My son has broken his phone & his pal has given him an old Nokia 6300 phone to use. Problem is its on the vodafone network & my son is with meteor. Is there any cheap or better still free way to unlock the phone.


----------



## PaddyBloggit (12 Aug 2011)

I've used this crowd:

http://www.unlocking.com/Phones-We-Unlock.html

(No connection)


*Edit:*

This is the last crowd I dealt with:

http://www.mobilecode.co.uk/

I had my code within 24 hours. Cost approx €20 to unlock.


----------



## alexandra123 (12 Aug 2011)

Get the pal to contact Vodafone and they should be able to unlock it for you. They will do it free of charge , but they might not give you the code straight away.

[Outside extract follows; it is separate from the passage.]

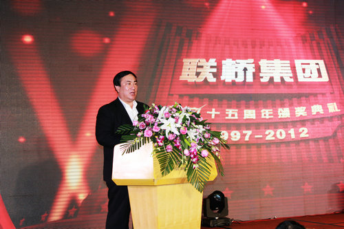 風雨同舟十五載,攜手并進鑄輝煌。2013年1月28日下午,伴隨著宏偉壯麗、激情昂揚的盛大開場片頭,聯(lián)橋集團成立十五周年頒獎典禮正式拉開了序幕。全體聯(lián)橋人共同歡聚在海悅建國飯店,熱烈慶祝聯(lián)橋集團成立十五周年。威海高技術產業(yè)開發(fā)區(qū)管委會副主任王剛、威海市商務局副局長劉秀景出席大會并致辭。
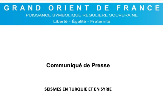 A la suite du double séisme aux conséquences dévastatrices qui a touché lundi le sud de la Turquie et le nord-ouest de la Syrie, le Grand Orient de France tient à présenter ses condoléances aux familles des victimes et exprimer toute sa solidarité à l’ensemble des blessés et des sinistrés.

If any of you are already on the vodafone network, then just get them to ring up. I dont think it has to be the original owner.


----------



## Guest105 (12 Aug 2011)

Happy Girl said:


> My son has broken his phone & his pal has given him an old Nokia 6300 phone to use. Problem is its on the vodafone network & my son is with meteor. Is there any cheap or better still free way to unlock the phone.



A tip I learned on AAM is to ring Meteor and tell them you want the unlocking code for the phone as you are going to another country for a couple of months and you want to be able to use a local sim card.


----------



## alexandra123 (13 Aug 2011)

> A tip I learned on AAM is to ring Meteor and tell them you want the unlocking code for the phone as you are going to another country for a couple of months and you want to be able to use a local sim card.


 
Th above will only work, if you contact the originator of the phone lock. Meteor can only unlock phones locked by meteor, vodafone can only unlock phones locked by vodafone. Meteor should not have the unlock code for a vodafone lock. They will have an unlock code for that phone, but it wont work - as it is not the vodafone unlock number.


----------



## Guest105 (13 Aug 2011)

alexandra123 said:


> Th above will only work, if you contact the originator of the phone lock. Meteor can only unlock phones locked by meteor, vodafone can only unlock phones locked by vodafone. Meteor should not have the unlock code for a vodafone lock. They will have an unlock code for that phone, but it wont work - as it is not the vodafone unlock number.



you are correct I meant to say contact vodafone


----------



## DrMoriarty (13 Feb 2012)

I've used the third option described here without any difficulties, but your mileage may vary. I think it only works with the older dc4-type 'phones (of which the 6300 is one).


----------



## mark1 (11 Mar 2012)

DrMoriarty said:


> I've used the third option described here without any difficulties, but your mileage may vary. I think it only works with the older dc4-type 'phones (of which the 6300 is one).



Used this option yesterday, worked first time, cost nothing, thank you very much


----------